Data for the task »
══════════════════════════════
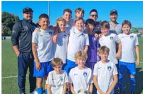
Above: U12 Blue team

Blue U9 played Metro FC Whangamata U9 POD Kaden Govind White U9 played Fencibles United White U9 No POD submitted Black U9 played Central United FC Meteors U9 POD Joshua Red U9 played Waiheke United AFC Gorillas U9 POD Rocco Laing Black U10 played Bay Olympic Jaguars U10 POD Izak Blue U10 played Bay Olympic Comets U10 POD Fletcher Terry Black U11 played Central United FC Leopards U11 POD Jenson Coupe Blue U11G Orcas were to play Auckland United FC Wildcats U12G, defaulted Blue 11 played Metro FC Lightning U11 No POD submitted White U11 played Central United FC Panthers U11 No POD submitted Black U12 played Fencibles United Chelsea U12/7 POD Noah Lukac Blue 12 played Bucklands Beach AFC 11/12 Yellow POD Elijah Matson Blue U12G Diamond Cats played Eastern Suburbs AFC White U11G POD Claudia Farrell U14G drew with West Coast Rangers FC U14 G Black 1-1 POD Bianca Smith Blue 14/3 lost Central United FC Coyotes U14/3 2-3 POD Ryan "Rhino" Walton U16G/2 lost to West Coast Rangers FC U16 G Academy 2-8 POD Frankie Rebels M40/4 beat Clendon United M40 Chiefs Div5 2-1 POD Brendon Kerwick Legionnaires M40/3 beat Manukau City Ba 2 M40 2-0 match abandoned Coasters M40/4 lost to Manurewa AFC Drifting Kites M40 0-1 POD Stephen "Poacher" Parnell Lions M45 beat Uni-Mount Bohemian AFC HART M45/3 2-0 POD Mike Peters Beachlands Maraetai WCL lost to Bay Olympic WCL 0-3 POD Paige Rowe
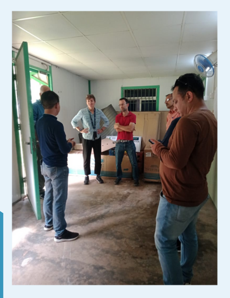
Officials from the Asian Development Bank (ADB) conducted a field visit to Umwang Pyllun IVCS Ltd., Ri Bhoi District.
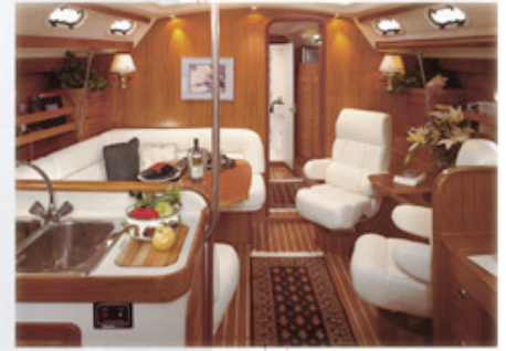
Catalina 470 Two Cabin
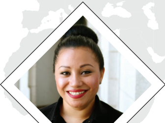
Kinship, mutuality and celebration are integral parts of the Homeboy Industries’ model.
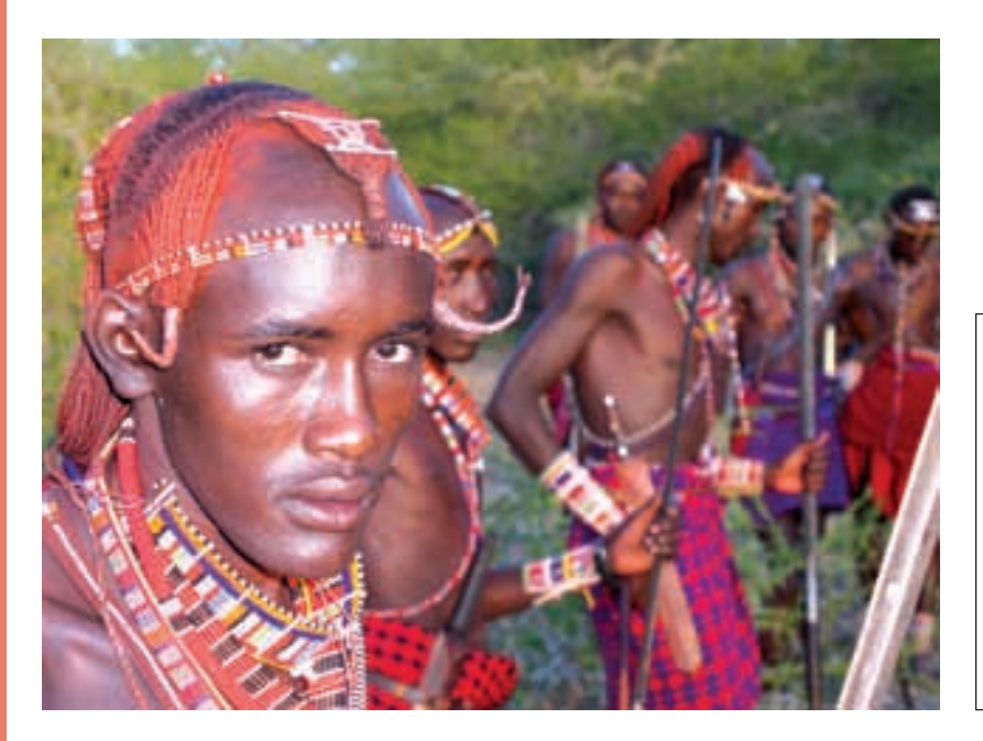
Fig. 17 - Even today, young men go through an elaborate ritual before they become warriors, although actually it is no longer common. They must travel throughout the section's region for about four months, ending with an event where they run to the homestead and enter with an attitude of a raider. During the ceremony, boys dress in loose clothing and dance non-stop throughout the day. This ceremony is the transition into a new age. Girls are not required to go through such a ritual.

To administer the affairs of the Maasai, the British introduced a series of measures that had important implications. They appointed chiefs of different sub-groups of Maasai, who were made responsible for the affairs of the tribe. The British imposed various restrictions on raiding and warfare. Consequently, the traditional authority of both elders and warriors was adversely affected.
══════════════════════════════
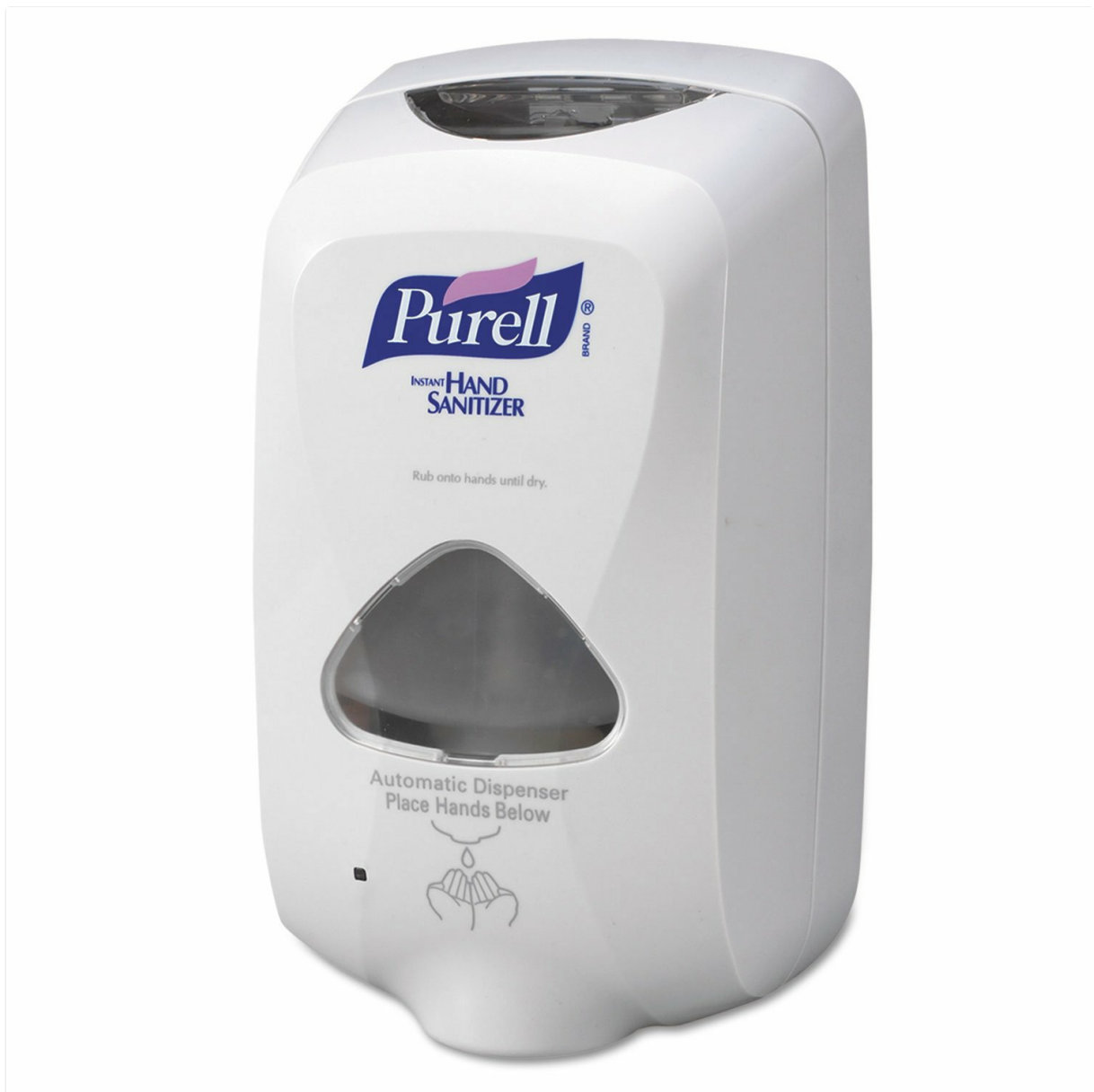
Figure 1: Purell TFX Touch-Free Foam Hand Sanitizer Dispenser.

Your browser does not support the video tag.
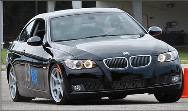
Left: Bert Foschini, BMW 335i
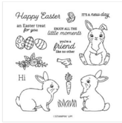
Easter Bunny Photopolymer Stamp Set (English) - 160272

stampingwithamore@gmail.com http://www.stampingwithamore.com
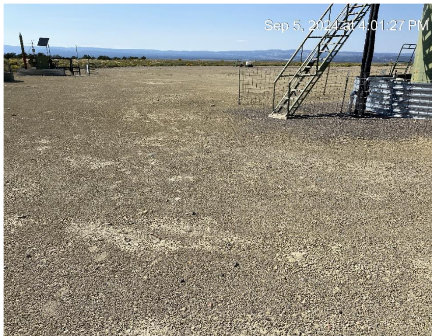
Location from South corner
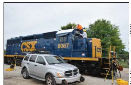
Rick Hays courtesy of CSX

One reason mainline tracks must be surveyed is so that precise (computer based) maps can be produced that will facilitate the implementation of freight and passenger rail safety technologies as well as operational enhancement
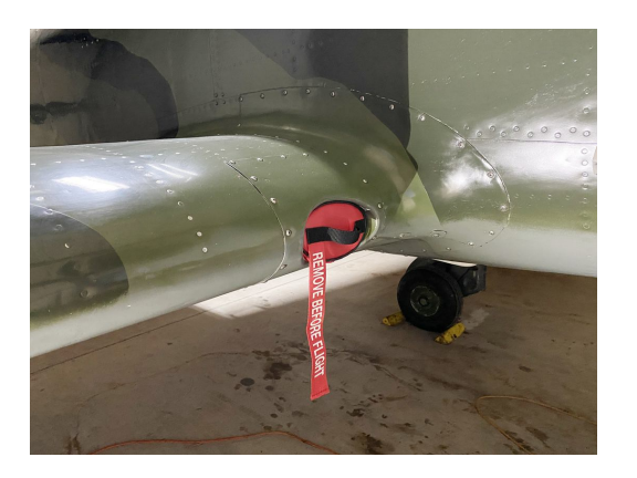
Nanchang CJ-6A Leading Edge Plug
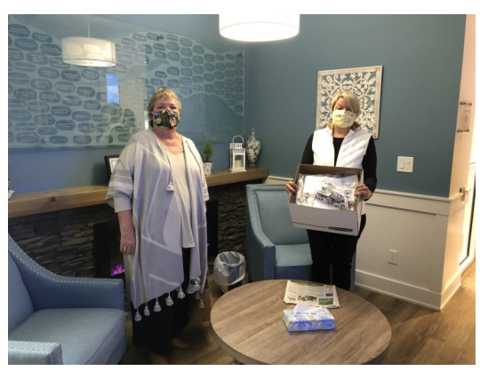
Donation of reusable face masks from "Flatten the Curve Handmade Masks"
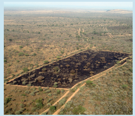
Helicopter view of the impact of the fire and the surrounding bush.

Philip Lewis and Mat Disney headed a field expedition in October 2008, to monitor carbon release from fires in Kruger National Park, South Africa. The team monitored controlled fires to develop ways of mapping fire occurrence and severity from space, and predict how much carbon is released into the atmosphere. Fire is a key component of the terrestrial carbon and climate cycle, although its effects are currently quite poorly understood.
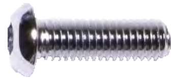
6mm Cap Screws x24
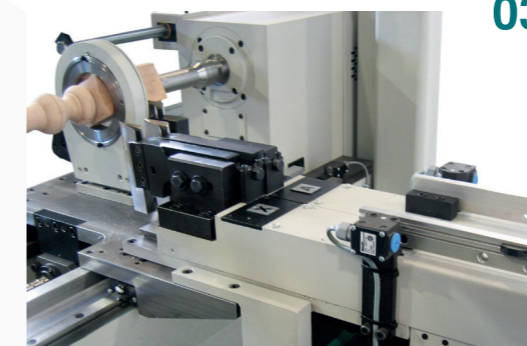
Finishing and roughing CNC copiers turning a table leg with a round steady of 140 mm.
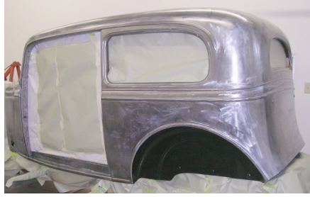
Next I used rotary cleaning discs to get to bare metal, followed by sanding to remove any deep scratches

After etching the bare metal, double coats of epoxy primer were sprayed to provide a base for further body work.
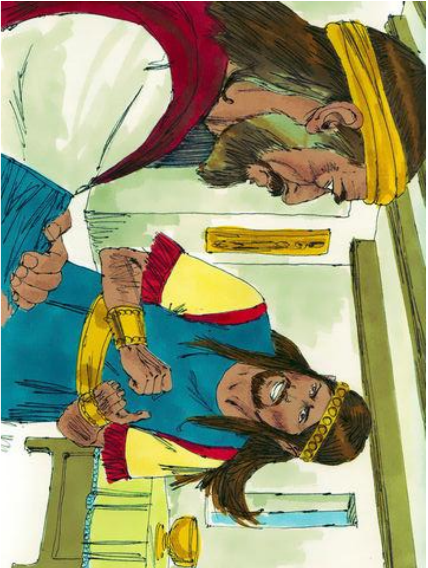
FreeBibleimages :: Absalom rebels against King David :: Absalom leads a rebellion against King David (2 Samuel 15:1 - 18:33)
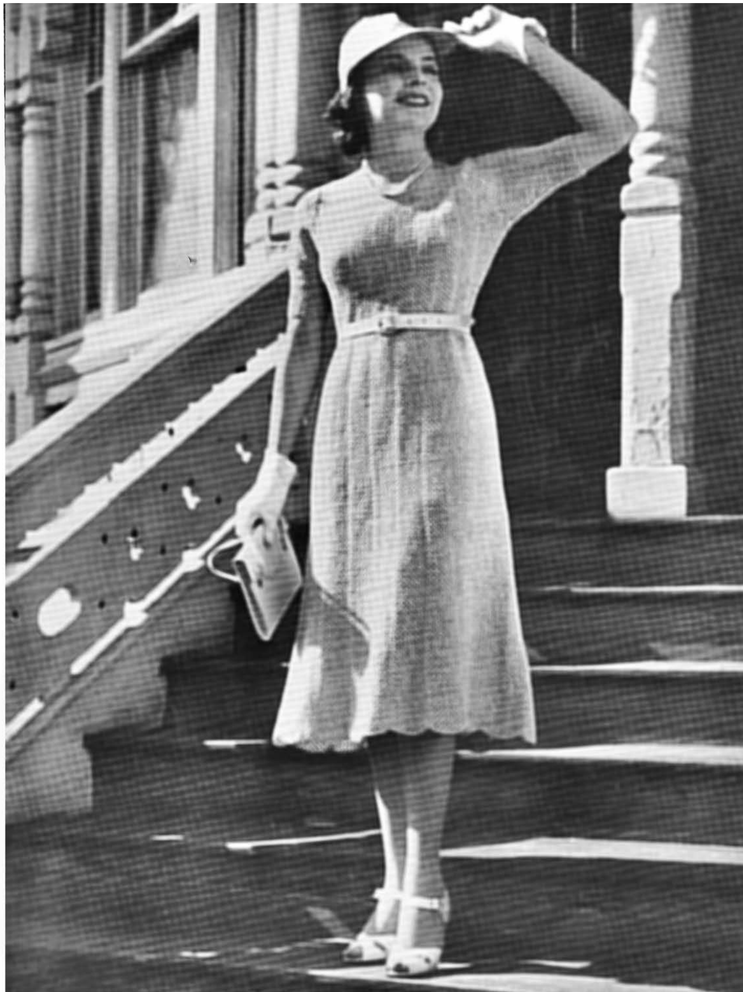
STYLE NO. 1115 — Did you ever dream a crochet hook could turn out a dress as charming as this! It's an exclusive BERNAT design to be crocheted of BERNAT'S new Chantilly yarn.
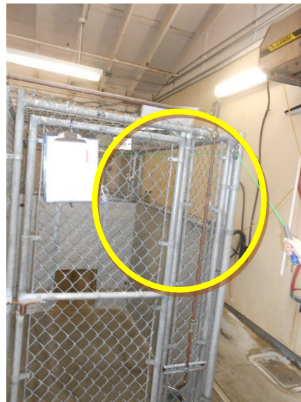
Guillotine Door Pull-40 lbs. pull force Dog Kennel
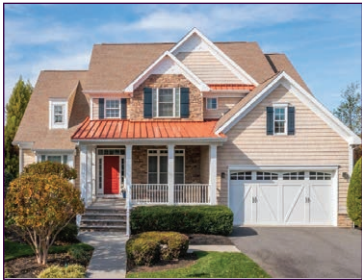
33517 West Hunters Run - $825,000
══════════════════════════════
What the task requires » What are the lines above from the one with "STYLE NO. 1115" to the one with "33517 West Hunters Run - $825,000", both included? Reproduce them exactly, without pictures.

Solution for this exercise »
STYLE NO. 1115 — Did you ever dream a crochet hook could turn out a dress as charming as this! It's an exclusive BERNAT design to be crocheted of BERNAT'S new Chantilly yarn.
Guillotine Door Pull-40 lbs. pull force Dog Kennel
33517 West Hunters Run - $825,000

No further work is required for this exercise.